------ GIVEN DATA ------

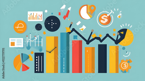 Successful Business Growth and Expansion - showcasing a thriving business with upward-trending graphs, growing bar charts, and symbols
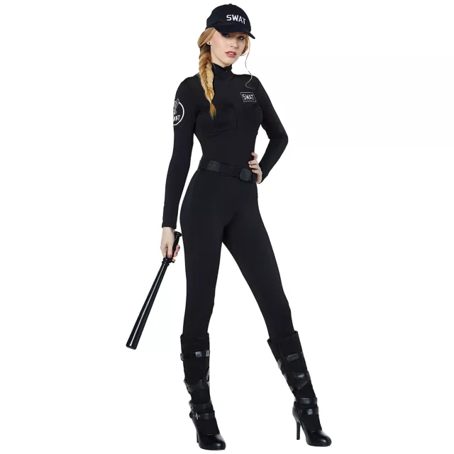 Show everyone who's boss when you rock this sexy and sleek SWAT catsuit costume! Break down doors and keep the neighborhood safe! This sexy one piece costume comes with a belt and a hat for the perfect professional look!
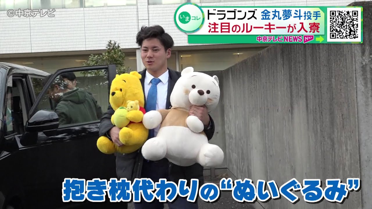 ドラフトで4球団が競合した注目のルーキー、金丸夢斗投手も8日午後に合宿所へ。抱き枕が欠かせないという金丸投手は、抱き枕がわりのぬいぐるみ2つを抱えての入寮となりました。
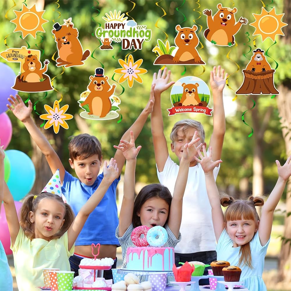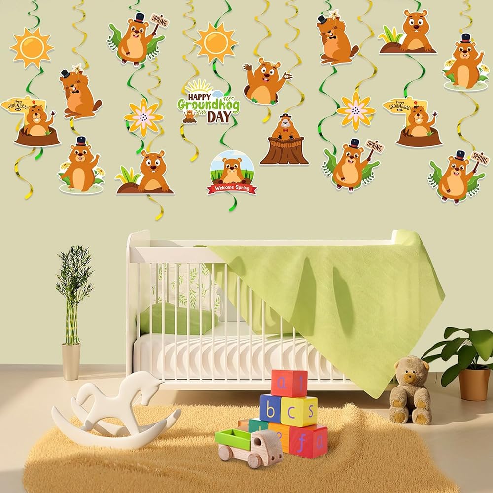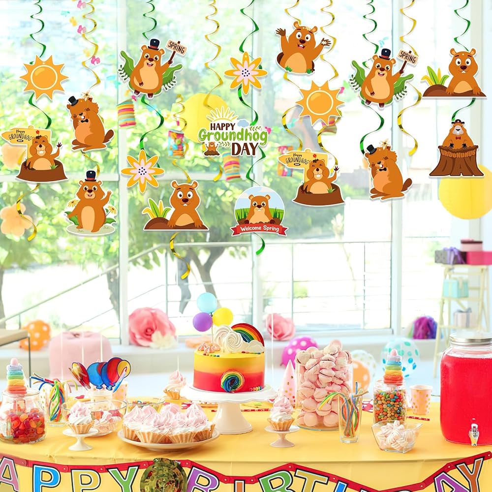 كمية كافية: تشمل مجموعة ديكور يوم جرذ الأرض 22 قطعة معلقة و 22 قطعة معلقة دوامات ، وهو ما يكفي لتلبية احتياجاتك من الزخرفة وإضافة جو مهرجان غني إلى مناسبة

------

WORK TO COMPLETE:
Copy the data word for word. Pictures do not go in the copy.

WRITTEN REPLY:
 Successful Business Growth and Expansion - showcasing a thriving business with upward-trending graphs, growing bar charts, and symbols
 Show everyone who's boss when you rock this sexy and sleek SWAT catsuit costume! Break down doors and keep the neighborhood safe! This sexy one piece costume comes with a belt and a hat for the perfect professional look!
 ドラフトで4球団が競合した注目のルーキー、金丸夢斗投手も8日午後に合宿所へ。抱き枕が欠かせないという金丸投手は、抱き枕がわりのぬいぐるみ2つを抱えての入寮となりました。
 كمية كافية: تشمل مجموعة ديكور يوم جرذ الأرض 22 قطعة معلقة و 22 قطعة معلقة دوامات ، وهو ما يكفي لتلبية احتياجاتك من الزخرفة وإضافة جو مهرجان غني إلى مناسبة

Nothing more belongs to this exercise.